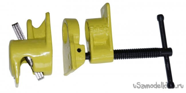 Еще одним бонусом стало то, что практически нет ограничения на зажимаемые детали, так как используется шпилька диаметром 5 мм. В то же время подобного рода струбцины из за более массивного упора имеют такое ограничение.
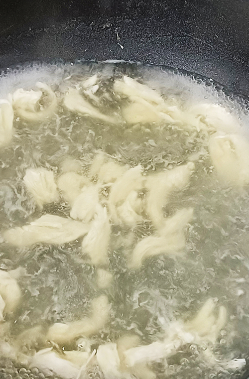 처음부터 닭국물 요리에 맛을 더 가미하기 위해 샀던 것이므로 닭 가슴살을 끓인 물에 치킨스톡을 조금 타서 먹어봤다.
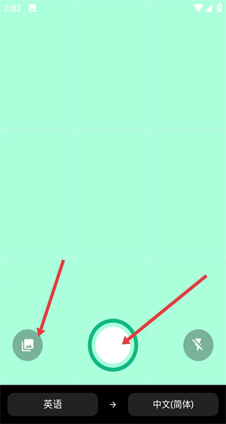 4、圖片翻譯模式下點左側圖標選圖中間按鈕拍攝,完成后按設定語言翻譯即可實現(xiàn)圖片文字迅速轉譯。
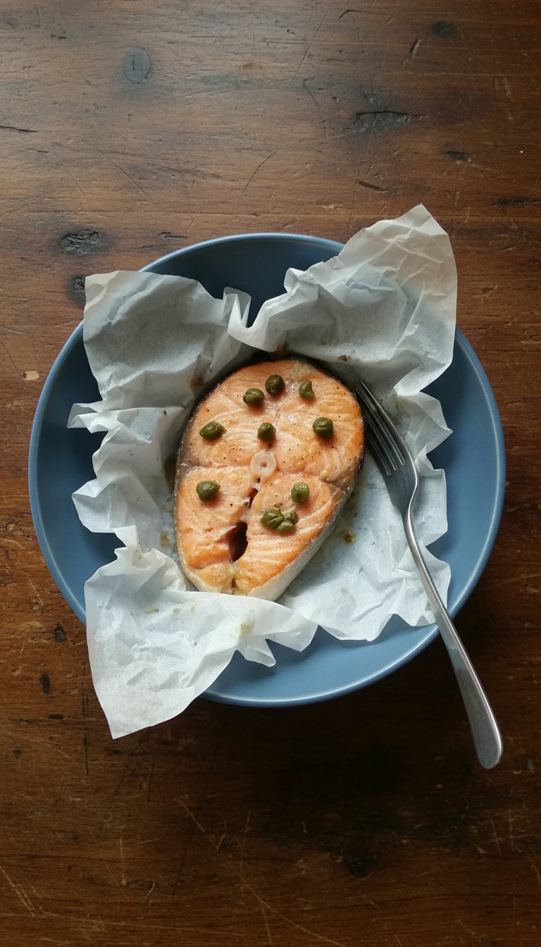 Deliciosos papillotes de salmão, envoltos em papel manteiga e assados no forno. Um sabor delicado e sofisticado, com o toque especial das alcaparras e mostarda.
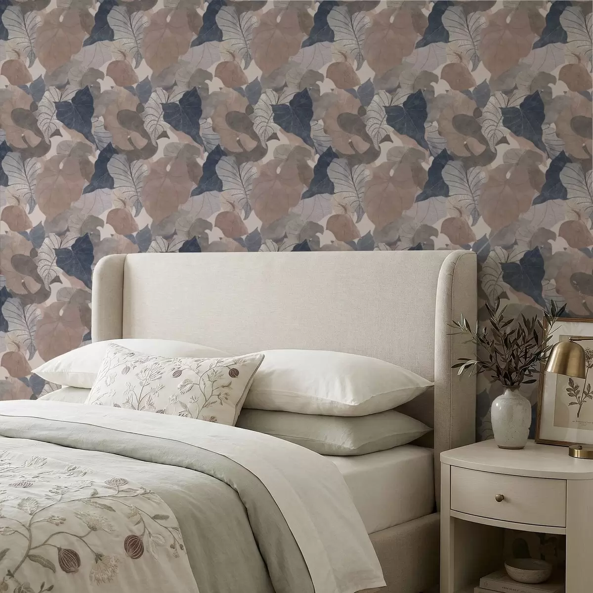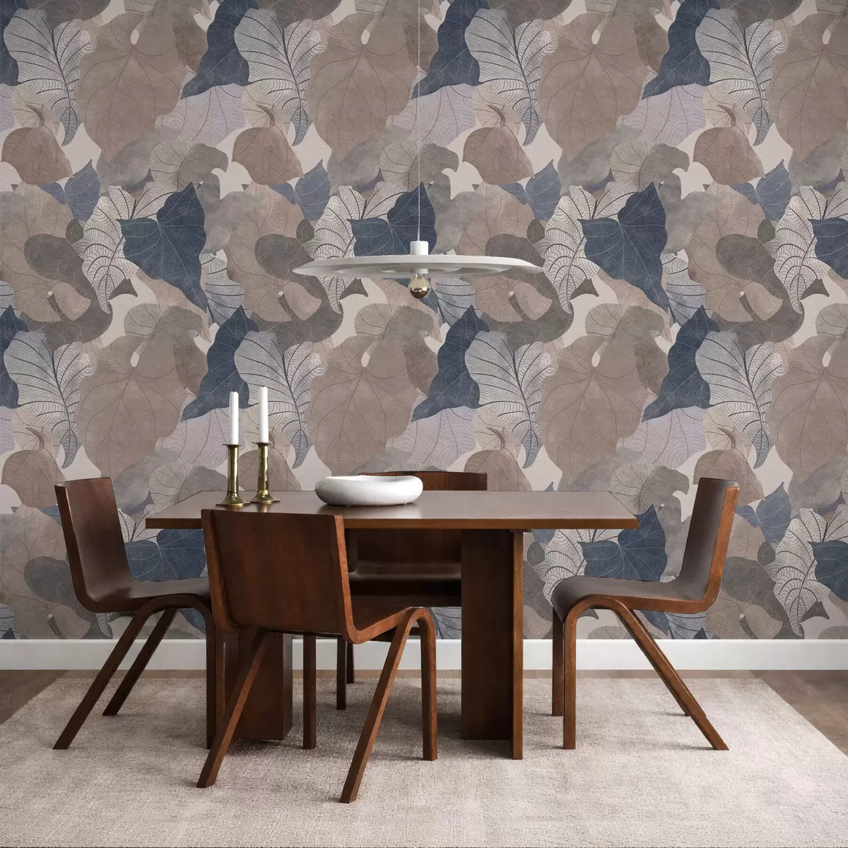 Tapéta Nagy, stilizált levelek pasztell árnyalatokban Nr. a01115
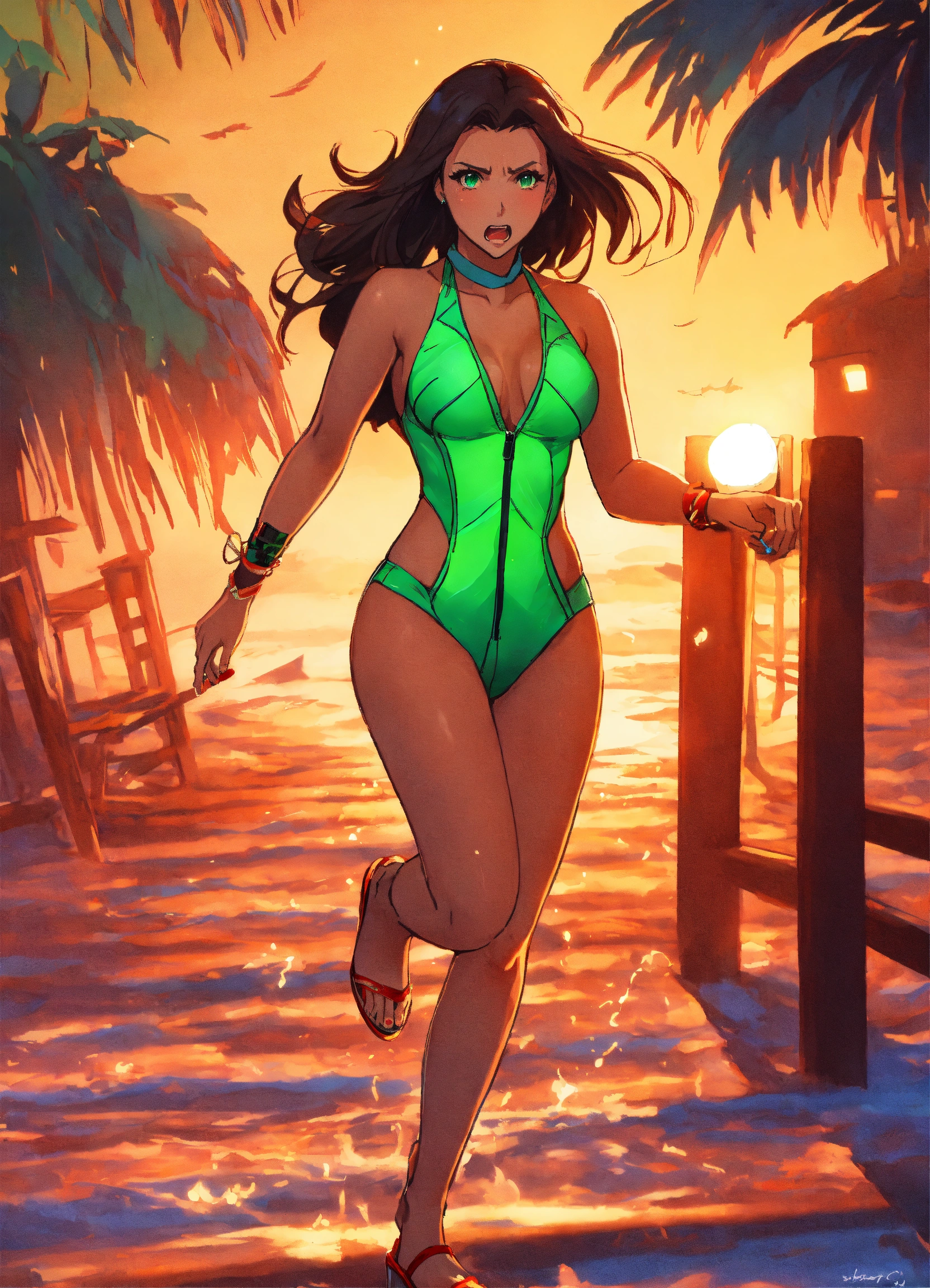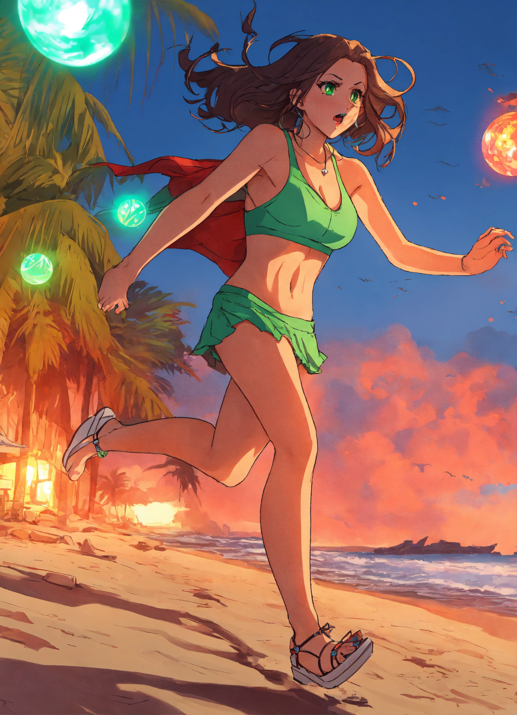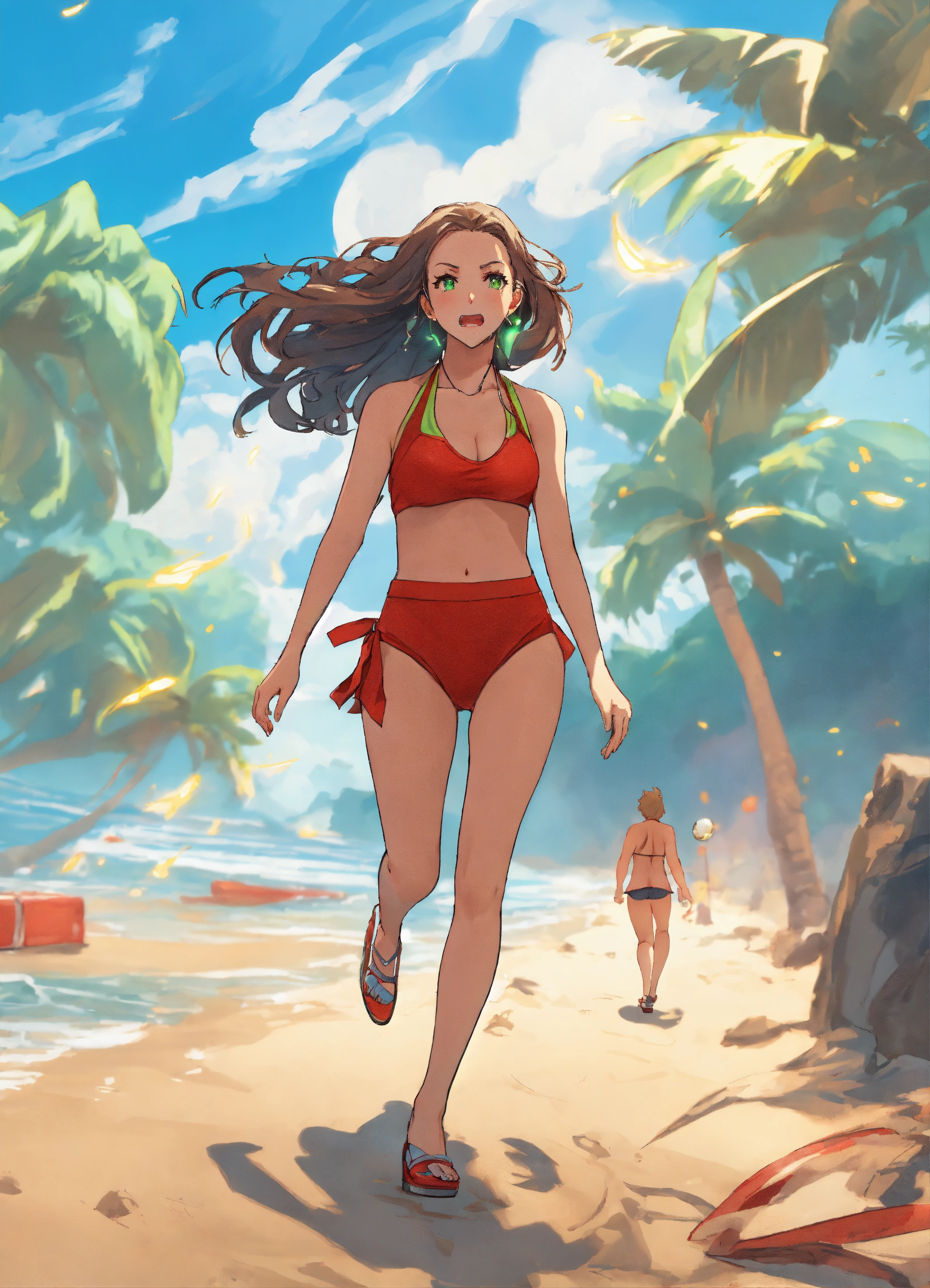 Anime illustration full body image of scared and afraid lacey chabert with neon green glowing eyes, being chased and running away from a tiny blue smoky orb with a smoky trail, on a daytime beach wearing a red two-piece swim suit, wearing wedges, shein short cover up skirt, wearing wedges, walking out, angry, swim suit, wearing wedges on feet, heavy makeup, wedge heels, glowing green eyes

+===+

→ **WHAT TO PRODUCE**
Copy word for word every line from the one holding "4、圖片翻譯模式下點左側圖標" to the end of the listing, both ends included, but do not copy any pictures.

→ **TASK SOLUTION**
 4、圖片翻譯模式下點左側圖標選圖中間按鈕拍攝,完成后按設定語言翻譯即可實現(xiàn)圖片文字迅速轉譯。
 Deliciosos papillotes de salmão, envoltos em papel manteiga e assados no forno. Um sabor delicado e sofisticado, com o toque especial das alcaparras e mostarda.
 Tapéta Nagy, stilizált levelek pasztell árnyalatokban Nr. a01115
 Anime illustration full body image of scared and afraid lacey chabert with neon green glowing eyes, being chased and running away from a tiny blue smoky orb with a smoky trail, on a daytime beach wearing a red two-piece swim suit, wearing wedges, shein short cover up skirt, wearing wedges, walking out, angry, swim suit, wearing wedges on feet, heavy makeup, wedge heels, glowing green eyes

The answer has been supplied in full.